══ Dataset excerpts ══
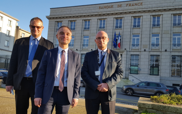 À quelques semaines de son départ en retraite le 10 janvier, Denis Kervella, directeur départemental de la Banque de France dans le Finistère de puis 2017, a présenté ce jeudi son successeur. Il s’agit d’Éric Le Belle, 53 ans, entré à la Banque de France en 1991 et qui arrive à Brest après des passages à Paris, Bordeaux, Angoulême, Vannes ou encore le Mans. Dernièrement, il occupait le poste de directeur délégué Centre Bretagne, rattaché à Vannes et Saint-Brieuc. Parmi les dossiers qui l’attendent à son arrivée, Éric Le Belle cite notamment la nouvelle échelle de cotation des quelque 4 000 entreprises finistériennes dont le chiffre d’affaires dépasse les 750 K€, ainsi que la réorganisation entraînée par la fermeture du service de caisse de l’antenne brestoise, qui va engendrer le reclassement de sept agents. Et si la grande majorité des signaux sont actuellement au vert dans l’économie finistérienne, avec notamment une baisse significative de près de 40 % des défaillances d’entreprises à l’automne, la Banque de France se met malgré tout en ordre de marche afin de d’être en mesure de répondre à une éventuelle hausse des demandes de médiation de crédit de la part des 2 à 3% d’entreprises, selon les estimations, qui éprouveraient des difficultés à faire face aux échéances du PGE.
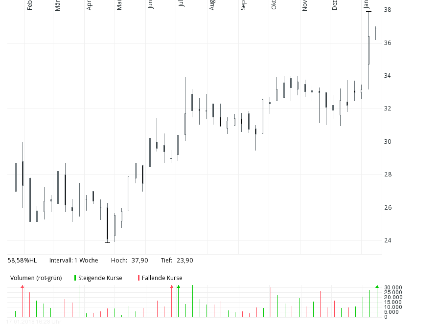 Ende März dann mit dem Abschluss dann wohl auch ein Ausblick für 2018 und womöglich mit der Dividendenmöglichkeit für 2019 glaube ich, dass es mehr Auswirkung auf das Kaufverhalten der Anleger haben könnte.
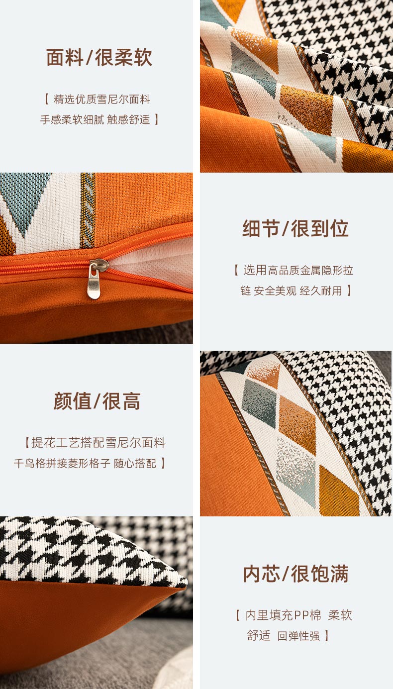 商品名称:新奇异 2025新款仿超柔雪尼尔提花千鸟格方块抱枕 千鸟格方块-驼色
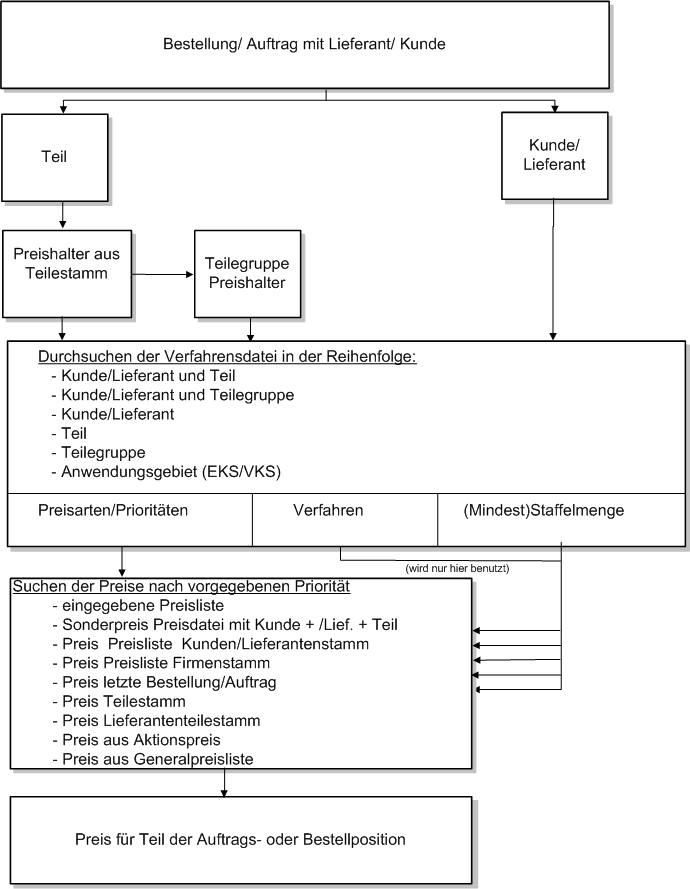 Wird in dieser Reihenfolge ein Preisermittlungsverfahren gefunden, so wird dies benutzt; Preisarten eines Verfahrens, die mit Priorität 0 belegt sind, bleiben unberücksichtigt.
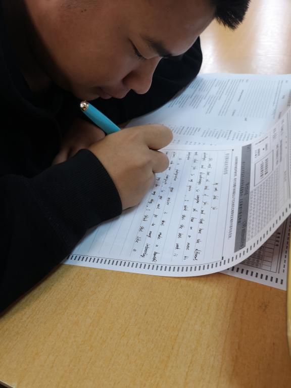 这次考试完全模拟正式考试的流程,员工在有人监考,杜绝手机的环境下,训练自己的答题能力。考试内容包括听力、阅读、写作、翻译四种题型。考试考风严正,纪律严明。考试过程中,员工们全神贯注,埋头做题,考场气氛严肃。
═══
▶ What is needed
Every entry should be returned exactly as written, minus the pictures.

▶ Task response
 À quelques semaines de son départ en retraite le 10 janvier, Denis Kervella, directeur départemental de la Banque de France dans le Finistère de puis 2017, a présenté ce jeudi son successeur. Il s’agit d’Éric Le Belle, 53 ans, entré à la Banque de France en 1991 et qui arrive à Brest après des passages à Paris, Bordeaux, Angoulême, Vannes ou encore le Mans. Dernièrement, il occupait le poste de directeur délégué Centre Bretagne, rattaché à Vannes et Saint-Brieuc. Parmi les dossiers qui l’attendent à son arrivée, Éric Le Belle cite notamment la nouvelle échelle de cotation des quelque 4 000 entreprises finistériennes dont le chiffre d’affaires dépasse les 750 K€, ainsi que la réorganisation entraînée par la fermeture du service de caisse de l’antenne brestoise, qui va engendrer le reclassement de sept agents. Et si la grande majorité des signaux sont actuellement au vert dans l’économie finistérienne, avec notamment une baisse significative de près de 40 % des défaillances d’entreprises à l’automne, la Banque de France se met malgré tout en ordre de marche afin de d’être en mesure de répondre à une éventuelle hausse des demandes de médiation de crédit de la part des 2 à 3% d’entreprises, selon les estimations, qui éprouveraient des difficultés à faire face aux échéances du PGE.
 Ende März dann mit dem Abschluss dann wohl auch ein Ausblick für 2018 und womöglich mit der Dividendenmöglichkeit für 2019 glaube ich, dass es mehr Auswirkung auf das Kaufverhalten der Anleger haben könnte.
 商品名称:新奇异 2025新款仿超柔雪尼尔提花千鸟格方块抱枕 千鸟格方块-驼色
 Wird in dieser Reihenfolge ein Preisermittlungsverfahren gefunden, so wird dies benutzt; Preisarten eines Verfahrens, die mit Priorität 0 belegt sind, bleiben unberücksichtigt.
 这次考试完全模拟正式考试的流程,员工在有人监考,杜绝手机的环境下,训练自己的答题能力。考试内容包括听力、阅读、写作、翻译四种题型。考试考风严正,纪律严明。考试过程中,员工们全神贯注,埋头做题,考场气氛严肃。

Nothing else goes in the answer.